Ce mercredi 17 décembre 2025, le quartier du Wacken à Strasbourg a vibré au rythme des moteurs de tracteurs. Dès 8 heures du matin, une quarantaine d’engins agricoles ont convergé vers le Parlement européen, cette institution que les manifestants qualifient « d’endroit où tout se décide » pour l’avenir de l’agriculture. Une centaine d’agriculteurs, venus du Bas-Rhin et des départements voisins, se sont rassemblés devant le siège européen pour faire entendre leur colère, provoquant des perturbations de circulation jusqu’en début d’après-midi.
L’action était pilotée par la Coordination rurale (CR), syndicat agricole contestataire qui a pris le relais des mobilisations menées les jours précédents par la FDSEA, les Jeunes Agriculteurs et la Confédération paysanne. Avec une quinzaine de tracteurs stationnés devant le Parlement, les agriculteurs alsaciens ont choisi un lieu hautement symbolique pour porter leurs revendications au plus près des décideurs européens.
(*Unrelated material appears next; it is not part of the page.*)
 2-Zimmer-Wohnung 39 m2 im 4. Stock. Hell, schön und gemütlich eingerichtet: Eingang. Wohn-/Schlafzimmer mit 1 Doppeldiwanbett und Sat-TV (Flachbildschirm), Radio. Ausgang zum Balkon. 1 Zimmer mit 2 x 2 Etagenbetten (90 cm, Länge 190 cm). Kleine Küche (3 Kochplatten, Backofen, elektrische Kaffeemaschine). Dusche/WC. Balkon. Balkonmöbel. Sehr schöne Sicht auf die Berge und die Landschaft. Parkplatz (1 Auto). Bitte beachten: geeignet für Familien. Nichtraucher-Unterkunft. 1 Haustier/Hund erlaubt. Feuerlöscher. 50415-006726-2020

La dermatose bovine au cœur de la révolte
Le principal motif de cette mobilisation ? L’obligation d’abattage total des troupeaux dès la détection d’un cas de dermatose nodulaire contagieuse bovine (DNC). Pour les éleveurs, cette mesure sanitaire imposée par Bruxelles et appliquée par le ministère français de l’Agriculture relève du « massacre ». Les banderoles brandies ce mercredi ne laissaient aucun doute : « Non à l’abattage », « Halte au massacre », « Touche pas ma vache ».
Paul Fritsch, président de la Coordination rurale du Bas-Rhin, a témoigné de l’impact dévastateur de cette politique : « On a abattu le troupeau, fruit de générations de sélection. » Pour ces agriculteurs, il ne s’agit pas seulement d’une perte économique, mais d’un effondrement psychologique. Ils réclament l’abandon de cette stratégie radicale au profit de mesures plus ciblées, moins dévastatrices pour des exploitations construites sur plusieurs générations.
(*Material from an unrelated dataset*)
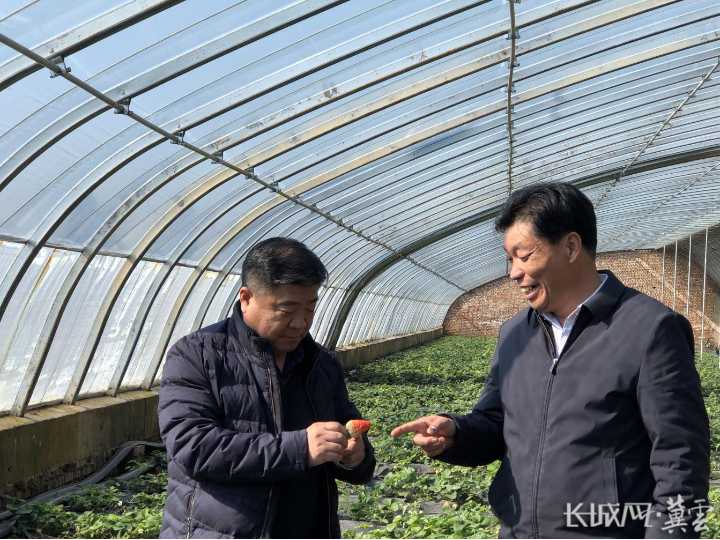 石家庄市农广校专家与农户一起交流草莓种植经验。

Mercosur et PAC : une double menace pour l’élevage européen
Au-delà de la DNC, les manifestants strasbourgeois ont également brandi leur opposition au traité de libre-échange UE-Mercosur, dont l’adoption est annoncée pour le samedi 20 décembre. Ce traité est perçu comme une menace existentielle pour l’élevage européen, accusé d’instaurer une concurrence déloyale avec des productions sud-américaines aux normes sanitaires et environnementales moins strictes.
Les slogans affichés fustigeaient cette double peine : « Non au Mercosur, non à la réforme de la PAC ». La nouvelle Politique agricole commune et le mécanisme d’ajustement carbone aux frontières (MACF), qui pourrait renchérir le coût des engrais, complètent la liste des griefs. Pour Paul Fritsch, DNC et Mercosur constituent « deux menaces de même ampleur » pesant sur l’avenir de l’élevage français.

Une mobilisation qui s’amplifie sur tout le territoire
Cette action strasbourgeoise s’inscrit dans un mouvement de grande ampleur. Le 17 décembre, environ 80 mobilisations agricoles ont été recensées sur le territoire national, rassemblant quelque 3 600 manifestants selon le ministère de l’Intérieur. Une montée en puissance significative par rapport aux jours précédents.
La Coordination rurale annonce déjà vouloir étendre le mouvement dans les prochains jours, avec de nouvelles actions « coup de poing » dans d’autres départements. L’objectif : maintenir la pression sur le gouvernement et les institutions européennes à l’approche de décisions cruciales pour l’agriculture française. Le calendrier joue contre les agriculteurs, mais leur détermination semble intacte.